= Arthur William Forster Bligh =

Amazing story and facts

Arthur William Forster Bligh (1905-1998) was an Australian architect, who designed a number of Art Deco buildings in Queensland in the twentieth century.

== Early life ==
Arthur W. F. Bligh was born on 27 May 1905 in Mosman, New South Wales to A.C.V. Bligh a grazier and his wife. He became an articled pupil of architect William Hodgen in Toowoomba, Queensland from 1922-1926. He began his own practice as an architect from 1926-33 in Toowoomba and then from 1933 in Brisbane. He became a registered architect in 1929.

After taking on domestic, commercial, industrial and ecclesiastical projects in Toowoomba, he moved to Brisbane in 1934. He formed a partnership with Colin Jessup. Bligh was a well known architect of Art Deco style blocks of flats during the 1930s until the war intervened.

He volunteered during WW2 in the Australian Army. He was employed by the USA Service Drawing Office in 1942. Following the War he returned to private practice. In 1956 Bligh and Jessup entered into partnership with Athol Bretnall and Ronald Voller. Their practice was named Bligh Jessup Bretnall and Partners. His son, Graham entered the partnership in 1965. The firm is now called Bligh Voller Nield Architects and operates as BVN Architects.

In the 1960s the Nicklin government of Queensland was keen to move forward with the 'Bligh Plan' put forward by him for significant urban planning changes. It proposed inner city revival and urban planning, blocking off areas of the city from vehicular access, developing pedestrian precincts, open parkland and the redevelopment of the Roma Street Markets.

Arthur Bligh retired in 1974.

== Personal life ==
Bligh married Millie Gaydon in 1930. He died on 8 August 1998 in Brisbane. He was survived by his wife and two sons. His grandson Christopher Bligh is also an architect.

== Notable works ==
New Redeemer Lutheran Church, Toowoomba (1929)

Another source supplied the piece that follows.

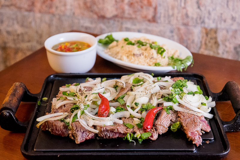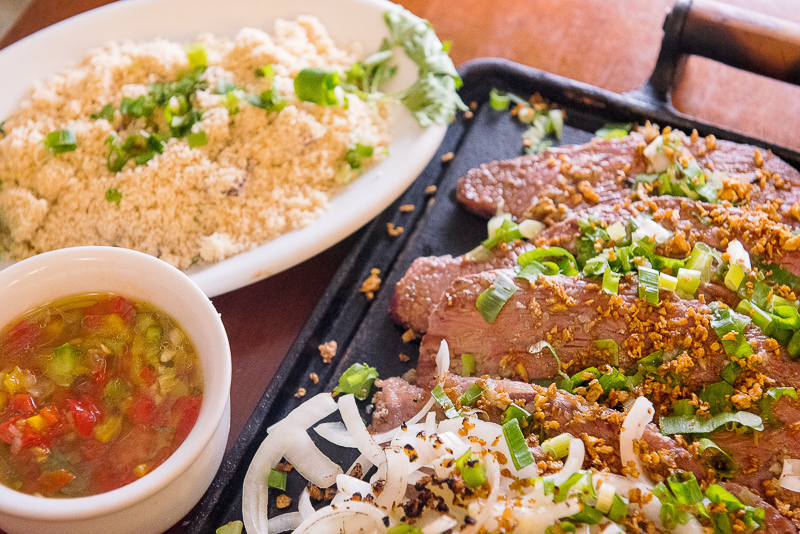 Após os pastéis, decidimos pedir uma das “chapas”, o carro chefe da área externa. Escolhemos a Chapa de Picanha Pequena, que está com desconto e saiu por R$69,90. Ela veio acompanhada de Farofa e Molho Vinagrete. Bem servida, deu para nós dois tranquilamente. A carne estava ótima, macia e suculenta. Adoramos.

St Patricks Cathedral, Toowoomba (alterations), 1930

St James Church, Toowoomba (1931)

13 Apex Street, Clayfield (1934)

Heilbron Holiday Apartment block, Mooloolabah Beach (1936)

Marford Court, Spring Hill (1936)

Carmel Court (1937), South Brisbane

Regina Court (1939)

Sans Souci Private Hospital, Gold Coast (1938)

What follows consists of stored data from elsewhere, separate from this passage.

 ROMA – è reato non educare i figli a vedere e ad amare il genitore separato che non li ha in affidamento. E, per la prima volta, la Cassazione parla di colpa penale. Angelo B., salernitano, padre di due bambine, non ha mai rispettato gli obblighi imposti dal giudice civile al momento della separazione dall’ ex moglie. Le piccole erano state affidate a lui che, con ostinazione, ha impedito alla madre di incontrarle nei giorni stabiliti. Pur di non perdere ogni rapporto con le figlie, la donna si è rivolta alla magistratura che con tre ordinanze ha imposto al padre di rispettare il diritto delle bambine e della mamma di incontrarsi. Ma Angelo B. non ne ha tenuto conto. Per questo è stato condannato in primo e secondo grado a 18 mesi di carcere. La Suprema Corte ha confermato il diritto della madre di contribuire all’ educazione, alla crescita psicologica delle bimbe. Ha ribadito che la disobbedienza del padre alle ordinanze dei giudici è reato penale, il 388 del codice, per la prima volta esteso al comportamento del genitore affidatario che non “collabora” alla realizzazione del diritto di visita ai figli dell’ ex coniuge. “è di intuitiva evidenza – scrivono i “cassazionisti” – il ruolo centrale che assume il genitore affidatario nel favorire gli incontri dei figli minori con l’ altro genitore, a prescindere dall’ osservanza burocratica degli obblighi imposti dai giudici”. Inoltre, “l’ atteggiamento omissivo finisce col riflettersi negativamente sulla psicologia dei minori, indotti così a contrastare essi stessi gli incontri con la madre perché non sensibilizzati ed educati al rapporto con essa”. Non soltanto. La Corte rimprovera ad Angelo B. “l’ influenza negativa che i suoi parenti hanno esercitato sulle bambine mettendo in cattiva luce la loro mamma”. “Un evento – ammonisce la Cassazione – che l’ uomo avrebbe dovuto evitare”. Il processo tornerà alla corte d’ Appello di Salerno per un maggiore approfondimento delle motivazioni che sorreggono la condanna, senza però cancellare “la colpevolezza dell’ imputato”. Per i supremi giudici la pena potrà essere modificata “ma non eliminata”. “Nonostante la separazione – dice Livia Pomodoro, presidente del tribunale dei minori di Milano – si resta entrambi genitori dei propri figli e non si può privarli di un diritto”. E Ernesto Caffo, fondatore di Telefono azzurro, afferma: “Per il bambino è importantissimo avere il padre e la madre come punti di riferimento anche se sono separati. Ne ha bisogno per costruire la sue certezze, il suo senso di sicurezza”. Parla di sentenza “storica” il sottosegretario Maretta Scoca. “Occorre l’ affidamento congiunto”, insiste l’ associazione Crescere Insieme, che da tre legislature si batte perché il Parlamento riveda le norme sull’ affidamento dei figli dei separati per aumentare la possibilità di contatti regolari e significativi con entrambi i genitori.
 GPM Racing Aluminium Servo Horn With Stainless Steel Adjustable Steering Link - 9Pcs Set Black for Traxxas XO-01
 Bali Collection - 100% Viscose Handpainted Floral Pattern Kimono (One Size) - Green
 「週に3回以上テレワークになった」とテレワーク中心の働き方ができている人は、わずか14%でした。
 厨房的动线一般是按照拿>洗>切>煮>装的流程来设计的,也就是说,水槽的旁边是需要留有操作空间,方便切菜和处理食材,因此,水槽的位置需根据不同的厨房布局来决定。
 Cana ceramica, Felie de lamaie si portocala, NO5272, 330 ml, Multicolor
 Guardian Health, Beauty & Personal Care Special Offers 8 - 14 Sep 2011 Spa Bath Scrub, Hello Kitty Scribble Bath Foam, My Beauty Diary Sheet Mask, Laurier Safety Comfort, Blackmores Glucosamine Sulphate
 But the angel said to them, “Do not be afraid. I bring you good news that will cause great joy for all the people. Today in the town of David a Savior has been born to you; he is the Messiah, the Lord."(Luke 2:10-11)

Ellenglaze, Toowoomba (1938)

Yale Apartments, Upper Edward Street, Brisbane (1940)

Dorelle, Highgate Hill (1940)

Hartle Court, New Farm (1941)

Carmody Road, St Lucia

Adelea, New Farm (1941)

Bowling Centre, Greenslopes (1959)

Camden, 11 Hillside Crescent, Hamilton (1959)

AMOCO service stations (1960)

Buildings, Queensland Agricultural College, Gatton (1964)

Supreme Court Building, George and Adelaide Street, Brisbane (1967–68)

== Legacy ==
Copies of his plans are held in the University of Queensland, Fryer Library and State Library of Queensland collections.